Reliance, BP to continue strategic partnership despite exclusivity ending

Reliance, BP to continue strategic partnership despite exclusivity ending


New Delhi: Global Supermajor BP PLC will continue to operate in India Mukesh AmbaniDespite its exclusivity it is due to an unwritten strategic partnership reliance Industries Limited is defunct.
BP’s outgoing India chief Shashi Mukundan said the energy giant had spent $7.2 billion to acquire a 30 percent interest in 23. oil and gas Reliance’s block in 2011. eastern offshore KG-D6 The block was a key element of the agreement, which included a 10-year exclusivity period with Reliance during which BP would undertake energy projects or investments in India.
So far, the oil and gas firm has invested more than $12 billion across the energy value chain, including three new deepwater natural gas projects in KG-D6, which accounts for a third of India’s gas production.
“We started working with Reliance way back in 2005 when (then BP CEO) Lord John Browne visited India,” Mukundan said.
It eventually fell through in a 2011 deal. “Even after 13 years of doing the upstream deal, we have not even once looked back at the contract,” he said, adding that the partnership with Reliance is not based on contract but on “trust and relationship”. Is.
Mukundan said that whenever both the partners have a problem, they simply sit face to face, “All I have to do is make a call or send (a) WhatsApp (message) and say I want to meet you. And you know, between him (Reliance Industries Limited Chairman and Managing Director Mukesh Ambani) and Mr (PMS) Prasad (Reliance Executive Director), we sort out everything.”
Mukundan said the original deal for a stake in upstream oil and gas exploration and production assets has evolved into retail partnerships and EVs and is continuing to grow.

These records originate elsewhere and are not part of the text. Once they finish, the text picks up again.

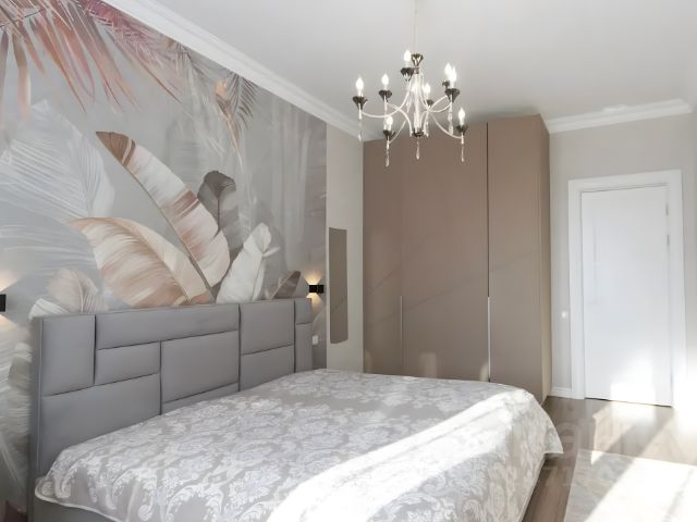 Спальня с 16 сценариями освещения, находится в мастер-блоке общей площадью 20 м2, и имеет отдельный, собственный санузел с душевой и ванной и гардеробную комнату с сейфом, двуспальная кровать 160/200 см с подъёмным механизмом, с ортопедическим матрасом премиум-класса переменной жесткости, состоящим из блока 2000 независимых пружин. ТВ 55 дюймов, кондиционер, электрокарниз, управляется Алисой.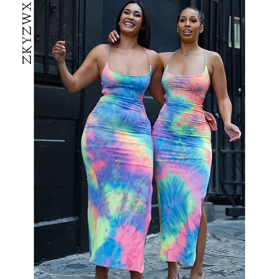 Special Offer ZKYZWX cravate teinture longue robe Maxi pour les femmes d été Vestidos robe de soleil côté fente dos nu à lacets robe de Club de pansement robes de plage Discount 45% Today!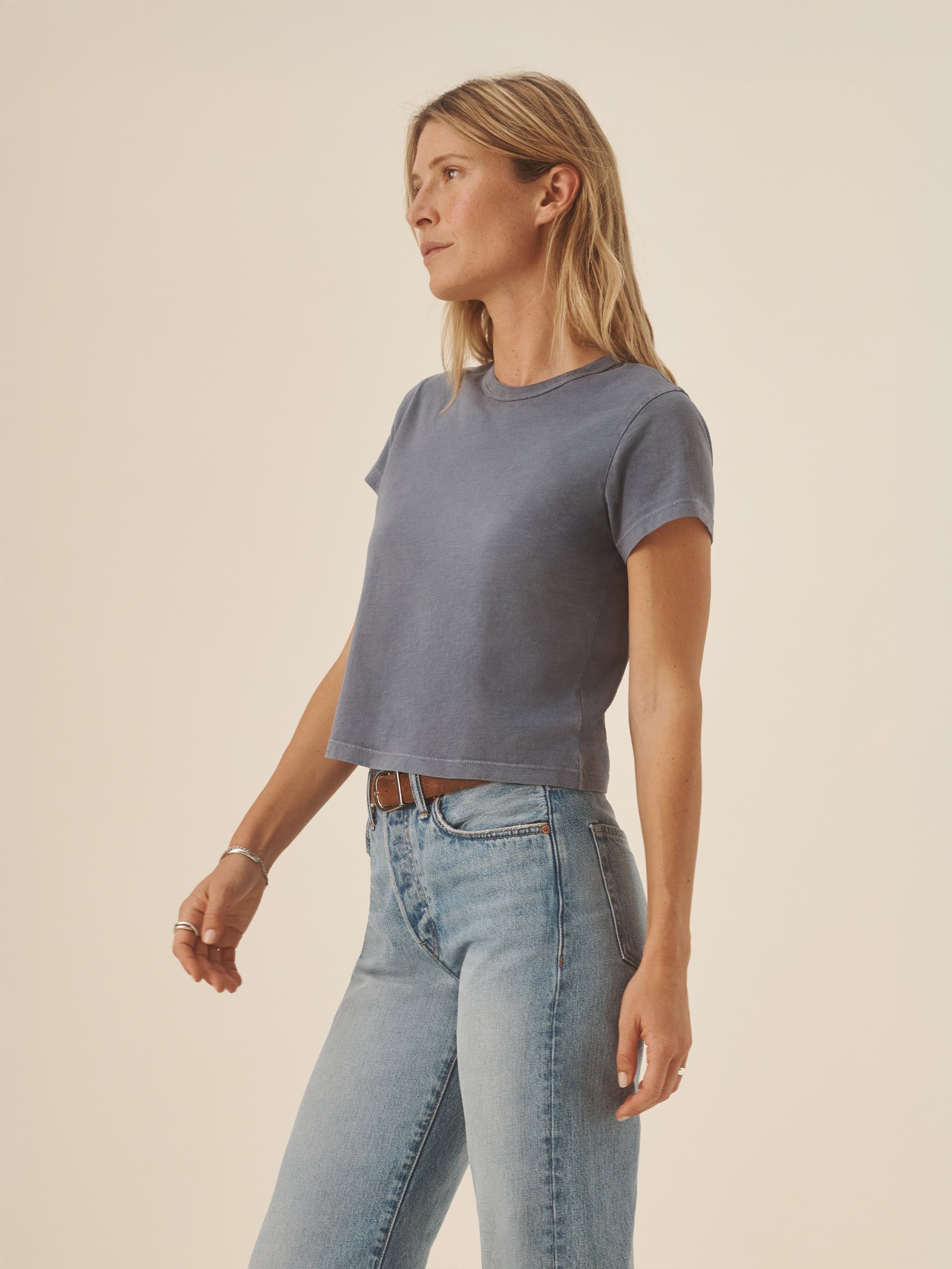 Boxy short sleeve crewneck tee with a straight hem. Cut from 120 GSM Supima cotton. Constructed with rib neck binding and double-needle cover-stitching at the hem. Garment washed for a lived-in feel.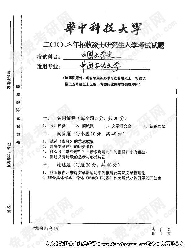 专业课考研经验 本站小编 FreeKaoyan 2018-01-22华中科技大学2002年考研真题-综合英语与语言学基础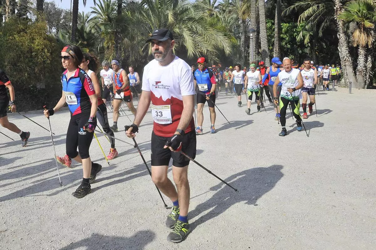 Elche acogió ayer una prueba de la Copa de España y el II Campeonato Autonómico de Marcha Nórdica que se desarrolló en el entorno del Parque Municipal. La competición contó con los mejores especialista de todo el país y resultó muy atractiva para los espectadores que se vieron sorprendidos por esta modalidad deportiva que cada día tiene más adeptos en la provincia de Alicante. La prueba, organizada por el Club Marcha Nórdica Costa Blanca Elx, discurrió por un trazado de 14 kilómetros. Por la mañana se ofrecieron distintas ponencias en el Centro de Congresos.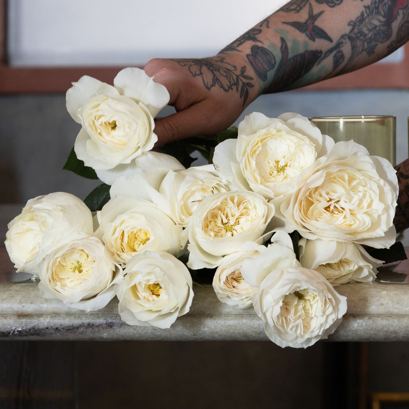 - Precious cargo – Roses ship with a protective corrugate wrap. Upon arrival, give the stems a fresh trim and allow them to hydrate with the corrugate on for at least two hours before unwrapping and styling.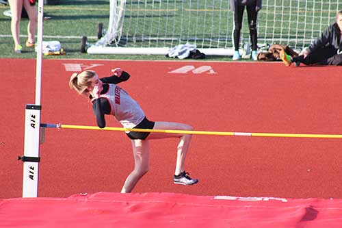 Sophomore classmates Olivia Fetherston, Maddy Melanson and Adriana Minasian then swept the high jump for the Warriors. Fetherston (5’) and Melanson (4’11”) both qualified for states while Minasian took 3rd (4’9”).
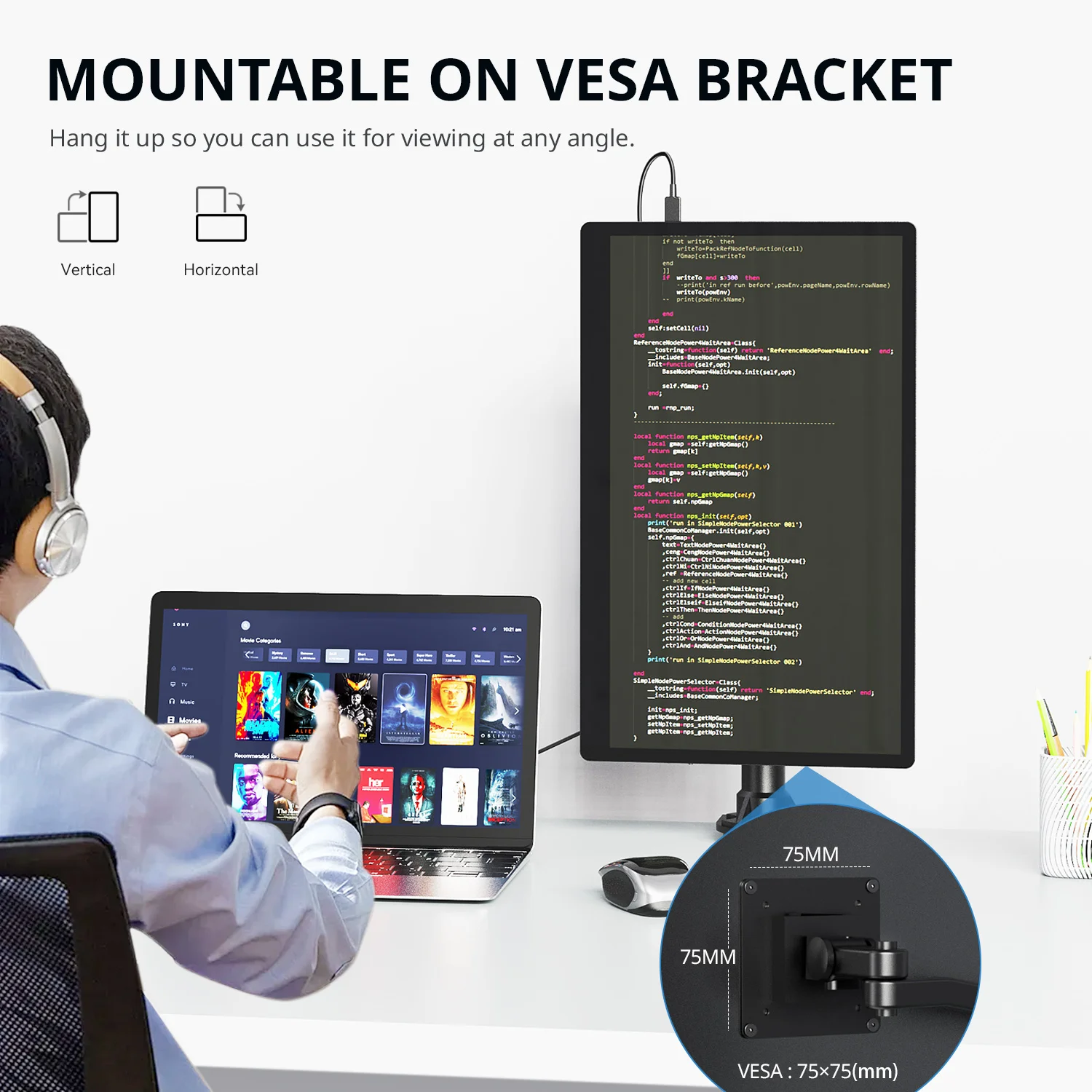 ▪[Pantalla horizontal o vertical]Puede ajustar la configuración cuando se conecta al escritorio o al portátil.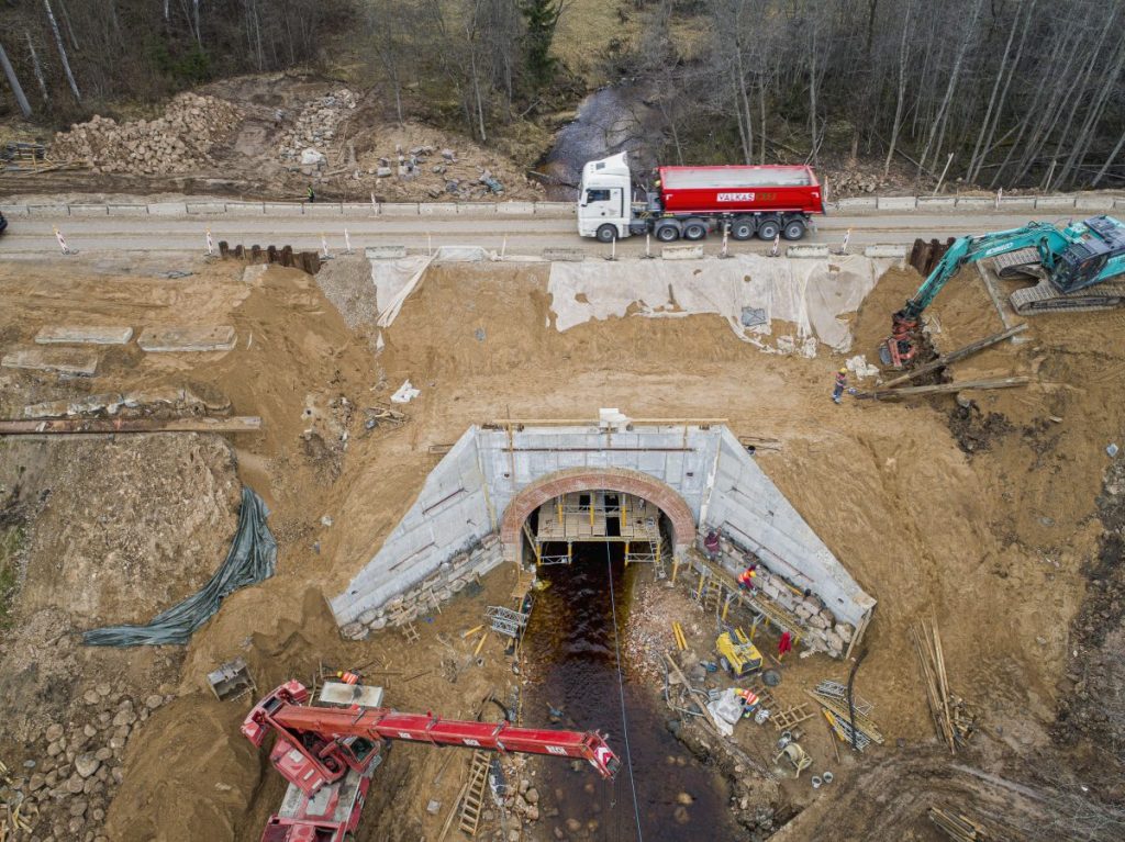 Augšlīgatnē turpinās Līgatnes upes caurtekas (64,8. km) atjaunošanas darbi/ foto: LVC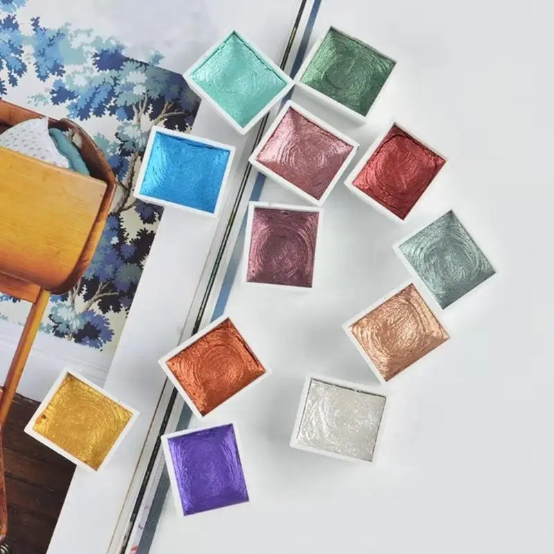 Набор блестящих акварельных красок ручной работы, 12 цветов, цвет металлик, золото, акварела, пигментная краска, художественная краска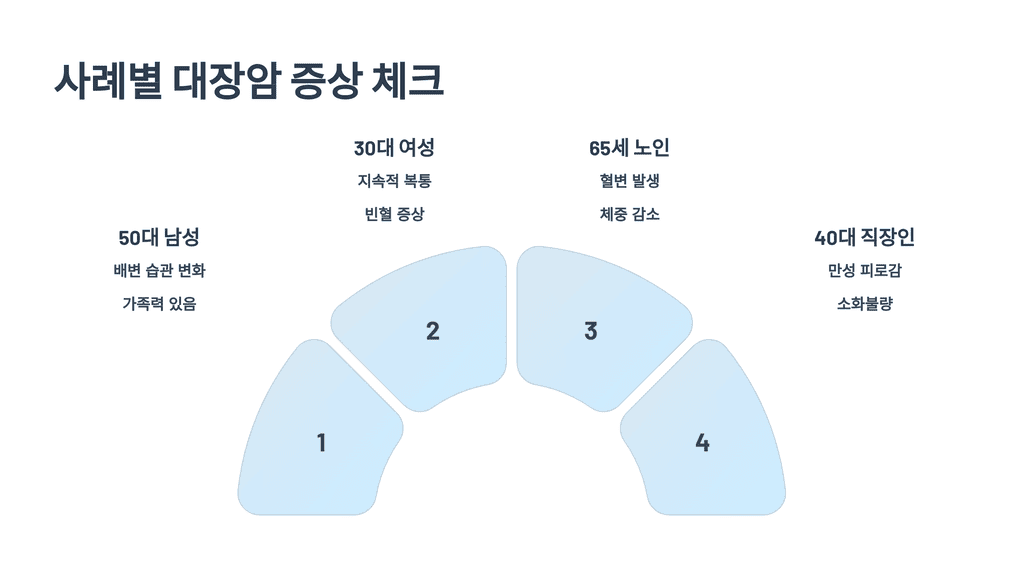 실제 경험을 통해 보면 대장암 초기 증상이 얼마나 다양하고 미묘한지 알 수 있어요. 아래 세 가지 사례는 조기 발견의 중요성을 보여줍니다.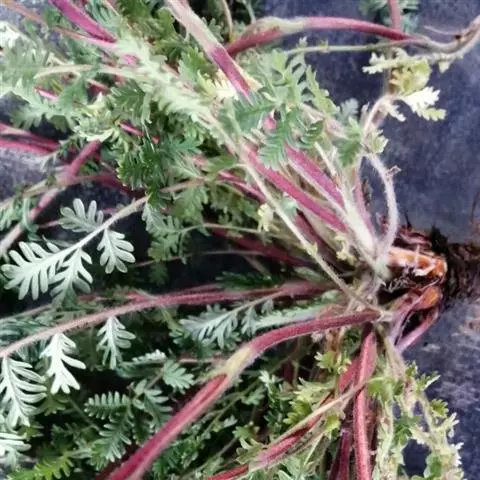 委陵菜食用器官为肉质根,应选土质疏松、土壤肥沃、灌溉便利的地块。选地后先深翻土地,结合翻地每亩施入腐熟有机肥3000 ~4000 公斤,与土壤混匀翻入土中,将土块打碎整细。做成宽30 厘米、高20厘米的高垄,垄距20 厘米。

“In the (2011) contract, the exclusivity was for 10 years. That expired. But there is an unwritten… I wouldn’t call it an agreement, but it is an unwritten feeling that, basically, we are their strategic partner, And they’re our strategic partners and I think both companies are really on board with that.” “Whenever we’re approached, we say no. Whenever they’re approached, they say no.”
He said BP-Reliance are “more exclusive from the relationship point of view” and for Ambani, BP is his strategic partner.
Answering why BP chose Reliance instead of any other Indian company like state-owned Oil and Natural Gas Corporation (ONGC), Mukundan said that Reliance had a huge exploration area spread over 270,000 square kilometers which Gave it materiality.
BP-Reliance teamed up with ONGC to bid for the Gujarat offshore block in the recently concluded bidding round for the oil and gas exploration sector.
Mukundan said BP’s approach all these years has been to “work with what India wants”.
“And for years, we have always said that the right way to do things is to work as partners and share infrastructure,” he said, giving the example of the US, where BP Chevron , is competitive with Shell and other global giants, but work together in the Gulf of Mexico.
BP supports the government in exploring in the country to produce more oil and gas and reduce dependence on imports. “And with that (objective) in mind we held talks with ONGC, Reliance and we agreed that it would be a powerful combination to bring all three of us together – a national oil company, the largest private company And the most successful international company in India, all working together,” he said.
Talking about BP’s future plans, Mukundan said the investment strategy rests on four pillars: flexible hydrocarbons, lubricants, mobility and renewable energy.
Even though BP has been present in the renewable energy sector for a long time, it believes that India is going through an energy growth phase where it will need fossil fuels to meet the growing energy needs.
He said his venture’s KG-D6 block produces one-third of India’s natural gas. This block also produces oil. “And we plan to do more in that block. And we’ve got two other blocks next to it that we’ll continue to explore.
And hopefully the same infrastructure that we have built will be used.” BP-Reliance will invest a few billion dollars in the two blocks.
The second pillar is customers and products where BP has Castrol, a lubricant brand present in India for 125 years. “Castrol has been primarily a lubricants business, but now they are moving towards EV fluids.
He said that both the companies are considering compressed biogas and CNG after EV charging. He said the joint venture has just inaugurated the 5,000th charging point.
The enterprise has 5,000 of all the charging stations which are fast charging charge points through which it can charge some of the top cars in minutes.
BP has also developed its own solutions and supported startups in the third pillar or low carbon sector.
The last pillar is people. “When I first started in India, I used to call it 3M – molecules, markets and minds.”